Cover with a piece of paper the classic (right-hand) members of the following pairs, and if possible ascertain what they are by studying the native members. Frame sentences to illustrate the correct use of both words in each pair.

neighborhood, vicinity hang, impend hang, suspend rash, impetuous flood, inundation drunk, intoxicated harmful, injurious tool, instrument mind, intellect mad, insane birth, nativity sail, navigate sailor, mariner ship, vessel lying, mendacious upright, erect early, premature upright, vertical first, primary shake, vibrate raise, elevate swing, oscillate lift, elevate leaves, foliage greet, salute beg, importune choose, select beggar, mendicant choose, elect smell, odor same, identical sink, submerge name, nominate dip, immerse follow, pursue room, apartment follow, succeed see, perceive teach, instruct see, inspect teach, inculcate sight, visibility teacher, pedagogue sight, vision tiresome, tedious sight, spectacle empty, vacant glasses, spectacles farewell, valediction



Cover with a piece of paper the native (left-hand) members of the following pairs, and if possible ascertain what they are by studying the classic members. Frame sentences to illustrate the correct use of both words in each pair.
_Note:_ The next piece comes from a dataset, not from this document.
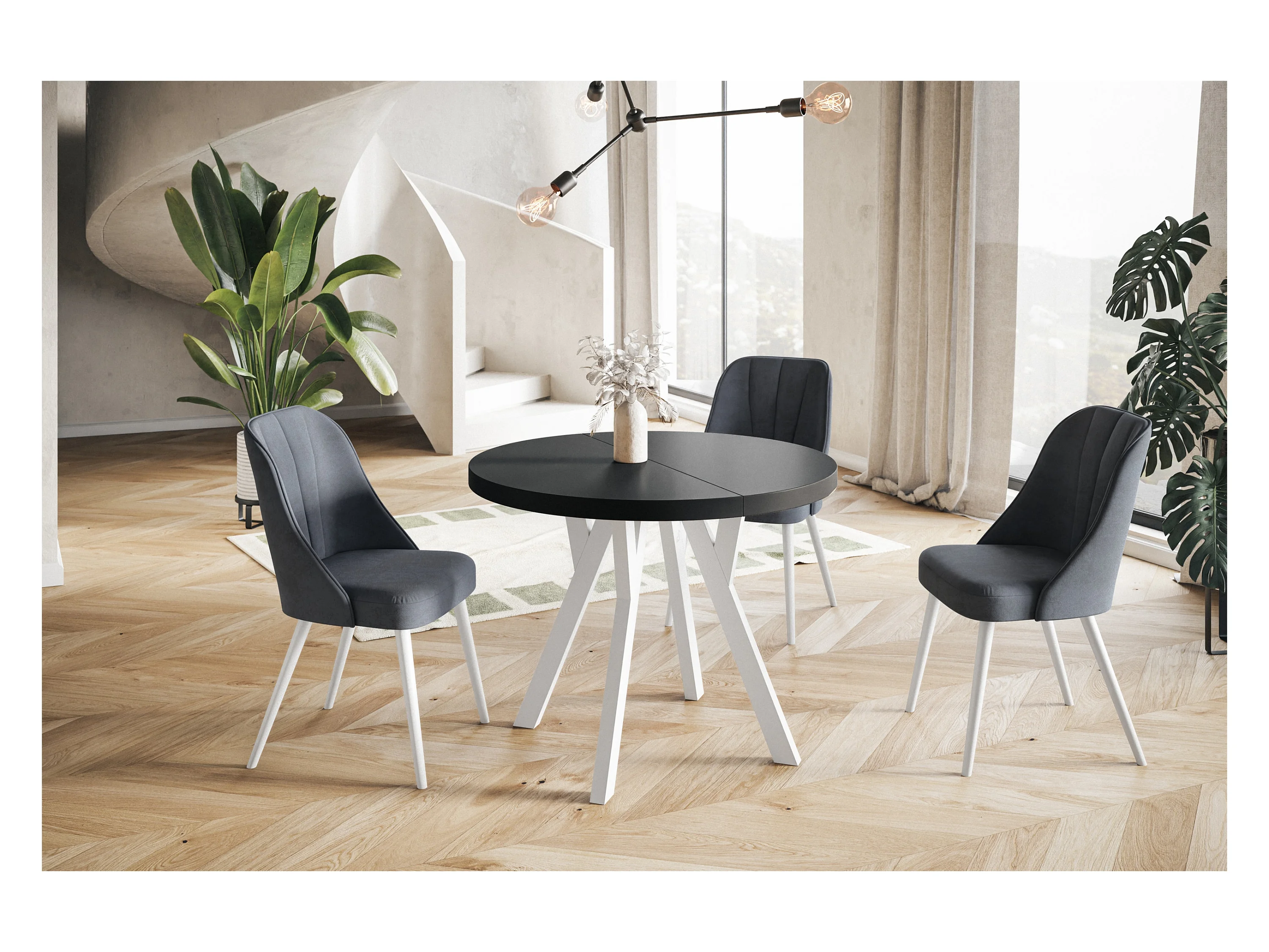 Table de salle à manger ronde OVO, table à rallonges Diamètre : 110 cm à 210 cm, couleur de la table basse : noir, avec pieds en bois de couleur blanche

skin, cuticle thunder, fulminate skin, integument sleep-walking, somnambulism hide, epidermis bird, ornithology fleshly, carnal bird, aviary hearer, auditor bee, apiary snake, serpent bending, flexible heap, aggregation wrinkle, corrugation laugh, cachinnation slow, dilatory laughable, risible lime, calcimine fear, trepidation coal, lignite live, exist man, anthropology bridal, nuptial winter, hibernate wed, marry gap, hiatus husband/wife, spouse right, ethical shore, littoral showy, ostentatious forswear, perjure spelling, orthography steal, peculate time, chronology steal, embezzle handbook, manual lockjaw, tetanus hole, cavity mistake, error dig, excavate mistake, erratum boil, tumor wink, nictation tickle, titillate blessing, benediction dry, desiccated wet, humid warm, tepid flirt, coquet forgetfulness, oblivion fiddle, violin sky, firmament sky, empyrean flatter, compliment flee, abscond flight, fugitive forbid, prohibit hinder, impede hold, contain



For each of the following pairs frame a sentence which shall contain one of the members. Can the other member be substituted without affecting the meaning of the sentence? Read the discrimination of Height-altitude in EXERCISE - Parallels. Ask yourself similar questions to bring out the distinction between the two words you are considering.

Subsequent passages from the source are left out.